• [Records for the exercise]:
....

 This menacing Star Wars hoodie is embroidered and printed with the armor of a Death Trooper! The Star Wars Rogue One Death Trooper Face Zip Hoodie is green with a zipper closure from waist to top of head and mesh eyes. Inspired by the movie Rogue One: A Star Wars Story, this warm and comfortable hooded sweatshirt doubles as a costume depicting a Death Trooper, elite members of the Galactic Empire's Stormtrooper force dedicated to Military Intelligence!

....

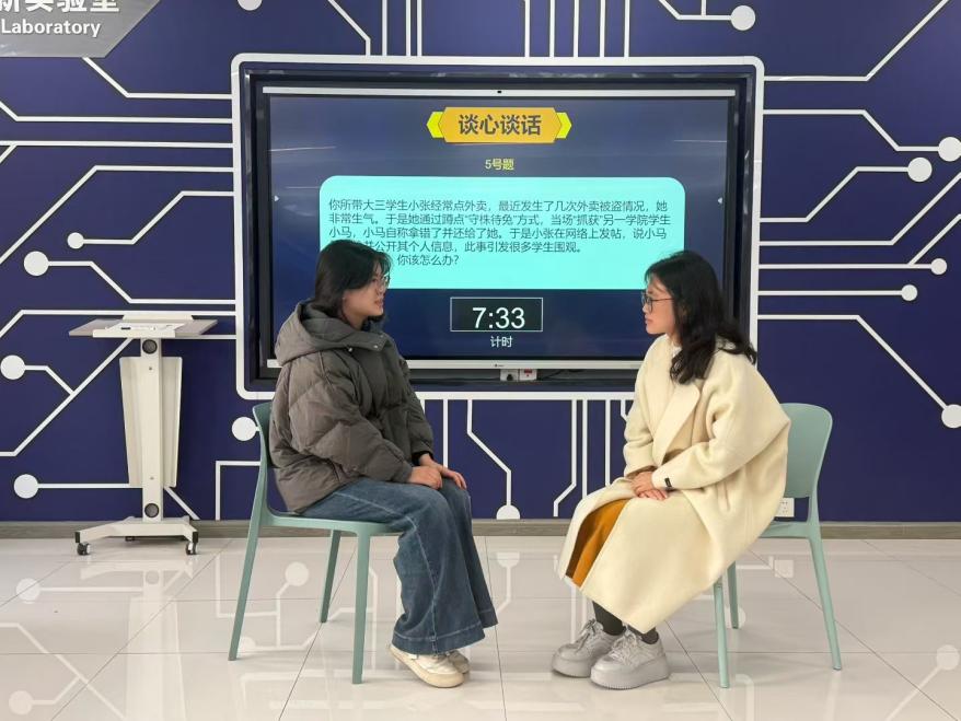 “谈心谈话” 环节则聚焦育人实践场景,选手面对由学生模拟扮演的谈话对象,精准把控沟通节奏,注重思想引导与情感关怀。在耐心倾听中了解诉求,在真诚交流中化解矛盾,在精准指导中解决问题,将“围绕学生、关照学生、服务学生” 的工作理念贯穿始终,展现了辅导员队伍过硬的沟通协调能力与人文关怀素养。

....

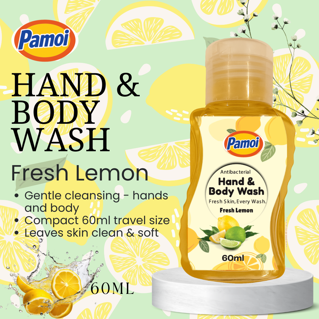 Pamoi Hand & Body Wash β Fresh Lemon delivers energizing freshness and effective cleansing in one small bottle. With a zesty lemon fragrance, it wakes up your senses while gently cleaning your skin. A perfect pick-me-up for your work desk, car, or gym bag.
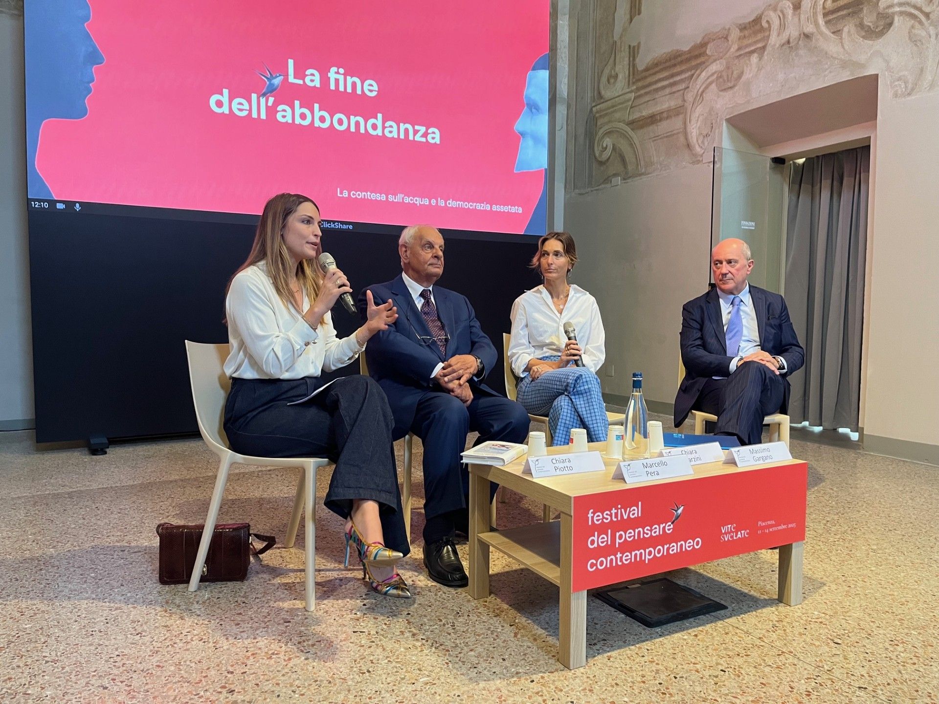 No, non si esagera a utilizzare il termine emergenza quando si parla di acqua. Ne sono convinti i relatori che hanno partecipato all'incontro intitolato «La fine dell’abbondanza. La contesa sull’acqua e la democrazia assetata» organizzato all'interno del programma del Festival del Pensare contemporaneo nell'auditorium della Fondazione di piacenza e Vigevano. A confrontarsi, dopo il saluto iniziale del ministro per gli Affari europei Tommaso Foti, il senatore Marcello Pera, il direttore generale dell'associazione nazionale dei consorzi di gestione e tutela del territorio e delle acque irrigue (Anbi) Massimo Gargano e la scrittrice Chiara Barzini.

....

• [Exercise prompt]: Using the material above, transcribe exactly the lines from the one holding "Pamoi Hand &" to the one holding "No, non si esagera", both ends kept. Do not carry over any pictures.

• [Answer for the task]:
 Pamoi Hand & Body Wash β Fresh Lemon delivers energizing freshness and effective cleansing in one small bottle. With a zesty lemon fragrance, it wakes up your senses while gently cleaning your skin. A perfect pick-me-up for your work desk, car, or gym bag.
 No, non si esagera a utilizzare il termine emergenza quando si parla di acqua. Ne sono convinti i relatori che hanno partecipato all'incontro intitolato «La fine dell’abbondanza. La contesa sull’acqua e la democrazia assetata» organizzato all'interno del programma del Festival del Pensare contemporaneo nell'auditorium della Fondazione di piacenza e Vigevano. A confrontarsi, dopo il saluto iniziale del ministro per gli Affari europei Tommaso Foti, il senatore Marcello Pera, il direttore generale dell'associazione nazionale dei consorzi di gestione e tutela del territorio e delle acque irrigue (Anbi) Massimo Gargano e la scrittrice Chiara Barzini.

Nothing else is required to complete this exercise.